▸ Work request: Write down exactly what lies from the line containing "昨日は京都から若い女性達が会" to the end of the records, inclusive, and omit the pictures.

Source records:
____________

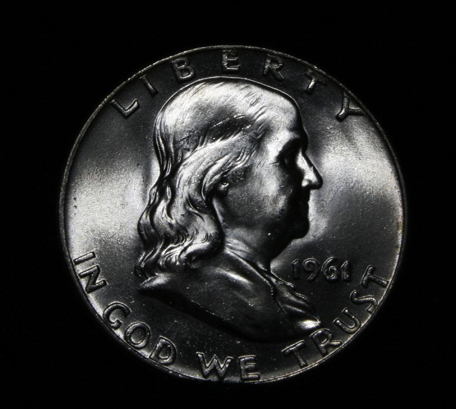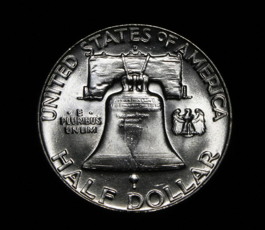 A vey close to Gem Uncirculated Example. A mark on the upper cheek keeps this nice bright coin at Choice. This coin is part of a very high end complete Franklin set we are auctioning off this weekend. Many are Full Bell Lines, Nicest set we have ever been consigned. Coin World's Coin Values lists ms64 at $30 and The Wholesale Greysheet lists ms64 17.00. Estimated Value $22
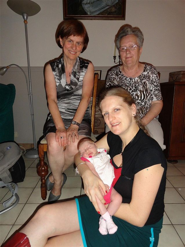 op 20 augustus waren er vier generaties in de familie: Catho Franssen (78), Eliane Loenders (54), Sara Martens (30) en Lise Cornelissen (3 weken nu).
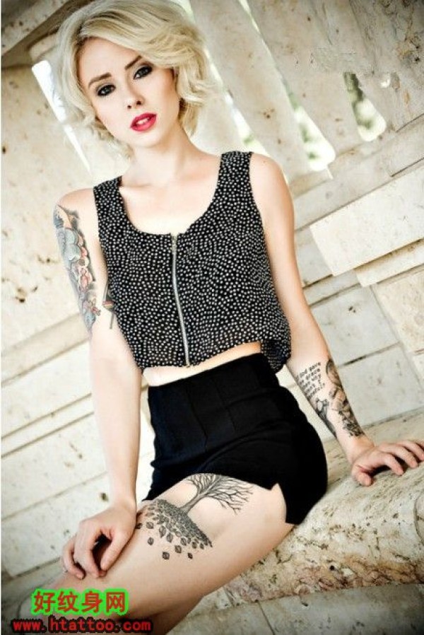 女生腿部树木纹身_腿部纹身图案大全_纹身图吧
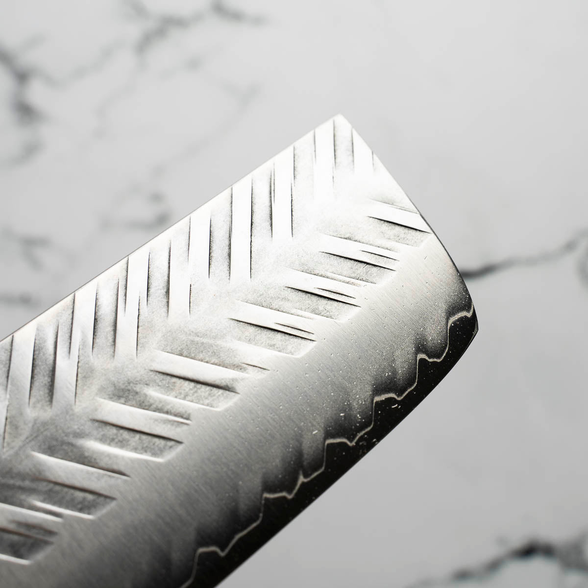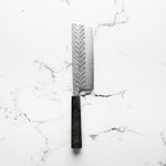 The Nakiri knife, revered in Japanese culinary traditions, is engineered for exceptional vegetable cutting. Featuring a distinct, straight-edged, and rectangular blade, it excels in creating uniform, precise cuts and aesthetic presentation. Its technical design ensures efficiency and precision, making it a valuable tool for both professional chefs and home cooks.
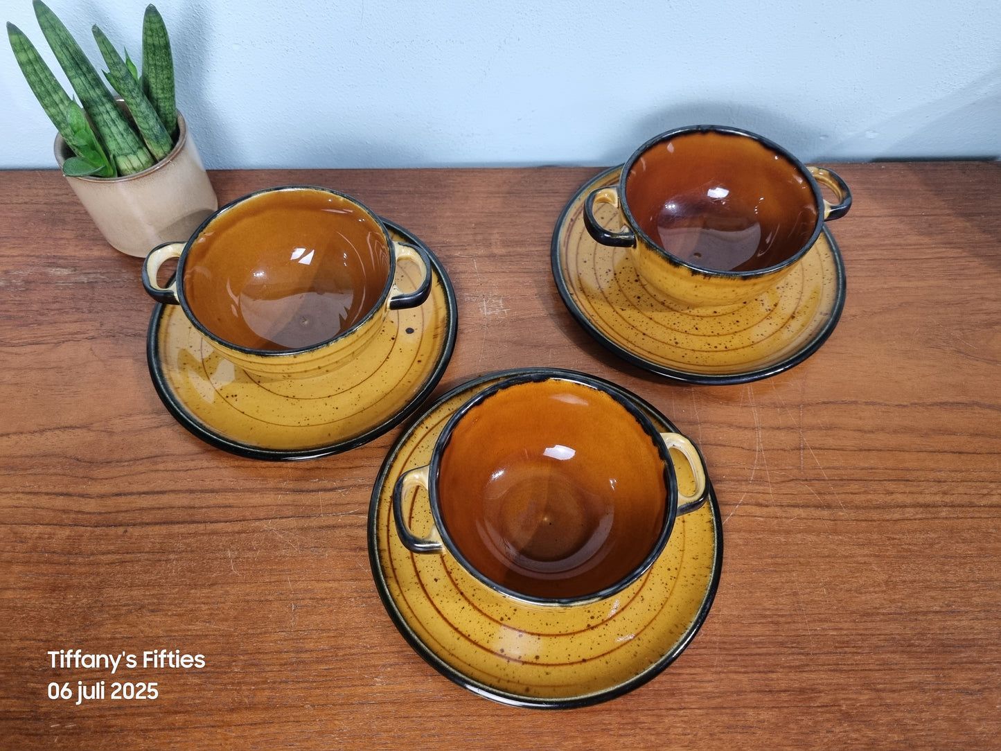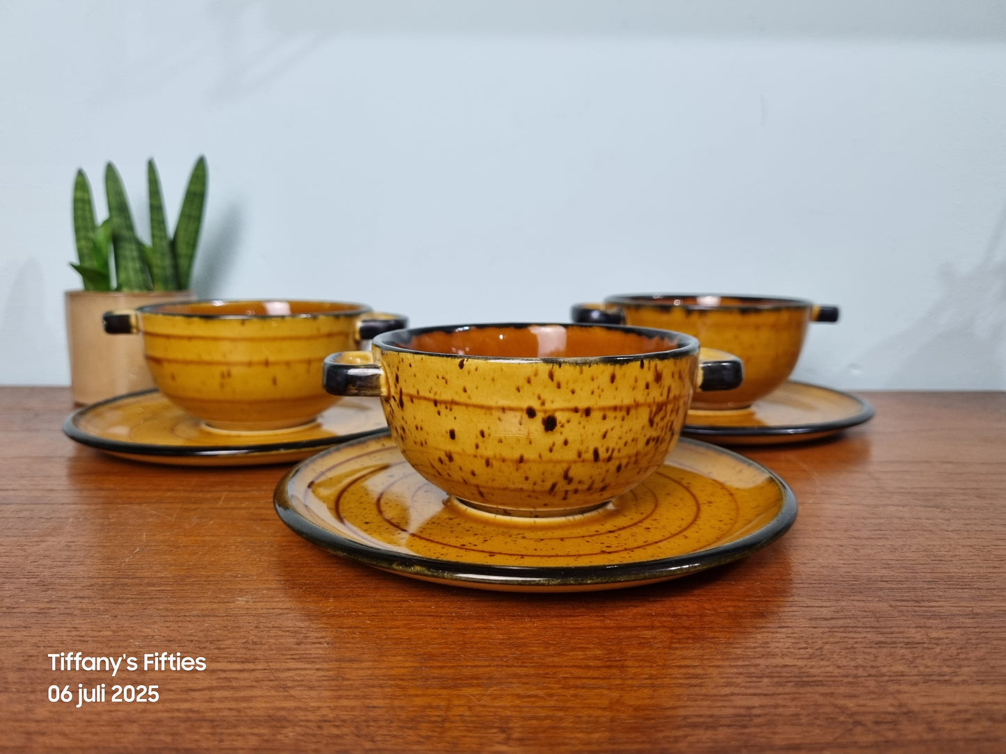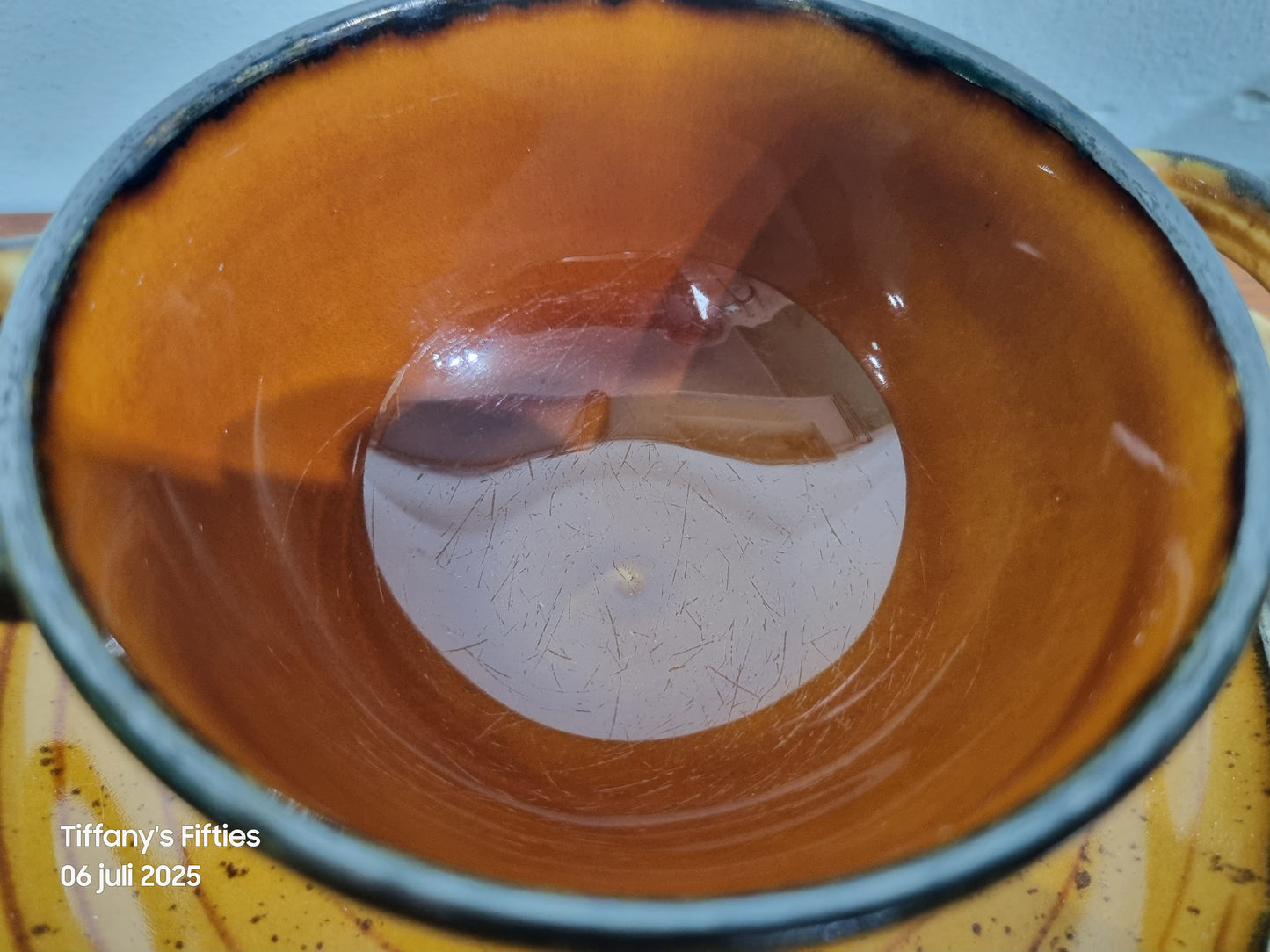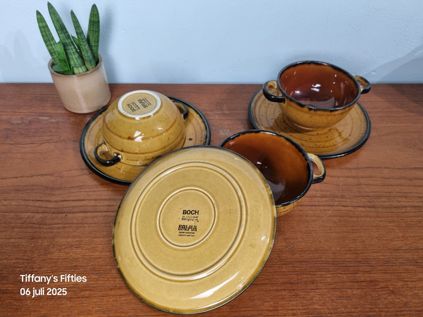 Deze rustieke soepkommen met bijpassende schotels van Boch La Louvière zijn uitgevoerd in het Palma-decor: een warme geelbruine glazuur met spikkels en donkere randen, afgewerkt met een diep glanzende binnenzijde in kastanjebruin. De dubbele oortjes en het speelse lijnenspel in het glazuur geven dit servies een uitgesproken retro-uitstraling uit de jaren ’70.
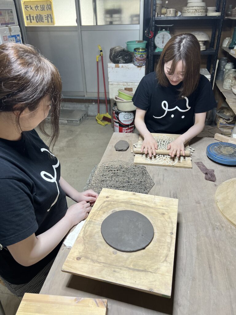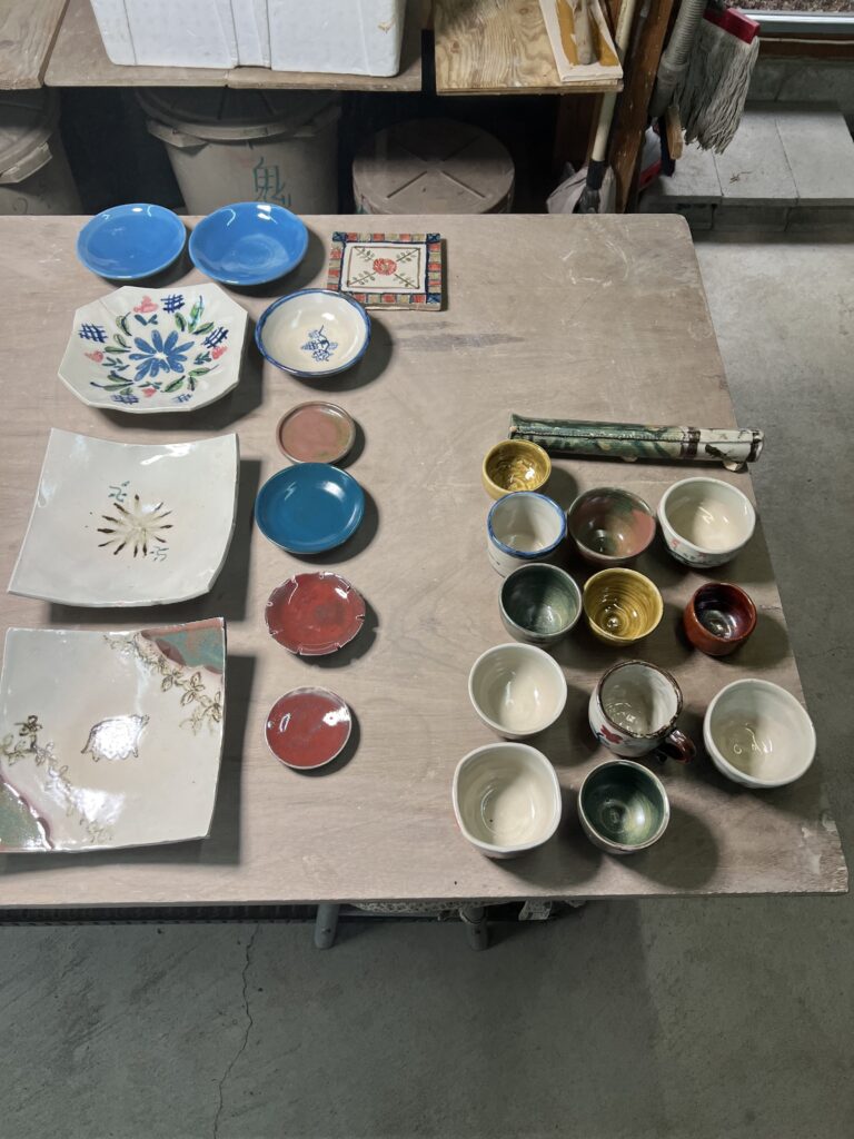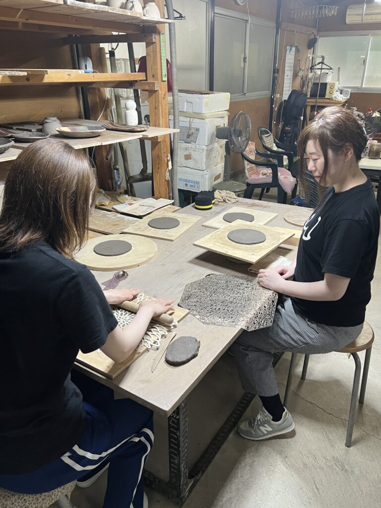 昨日は京都から若い女性達が会員のお姉さんに連れられて1日体験教室に参加しました。其々個性のある中皿を2枚づつ作り、楽しんでお帰りになりました。
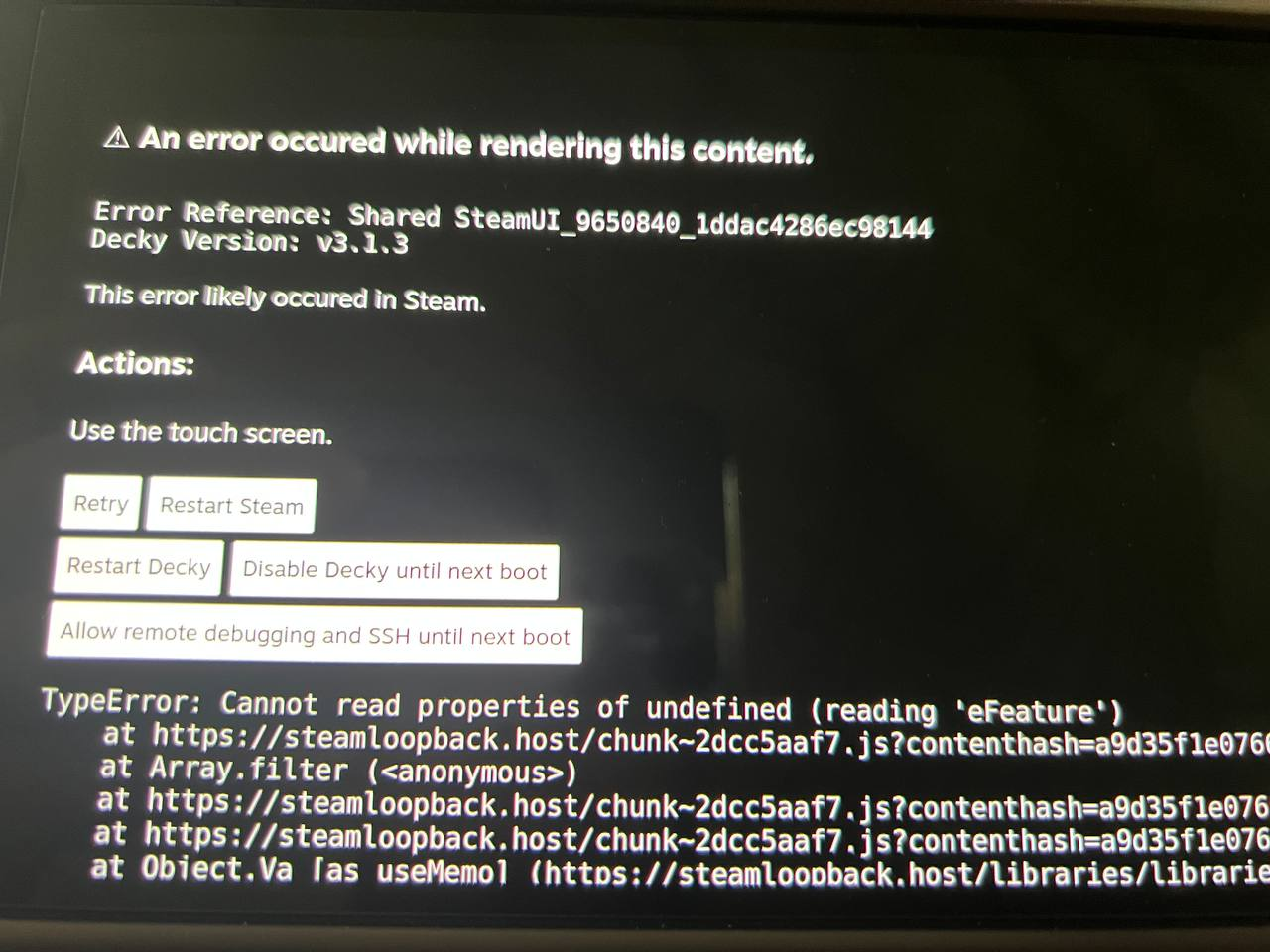 Ошибка после загрузки Steam Deck или при его работе An error occured while rendering this content

____________

▸ Exercise response:
 昨日は京都から若い女性達が会員のお姉さんに連れられて1日体験教室に参加しました。其々個性のある中皿を2枚づつ作り、楽しんでお帰りになりました。
 Ошибка после загрузки Steam Deck или при его работе An error occured while rendering this content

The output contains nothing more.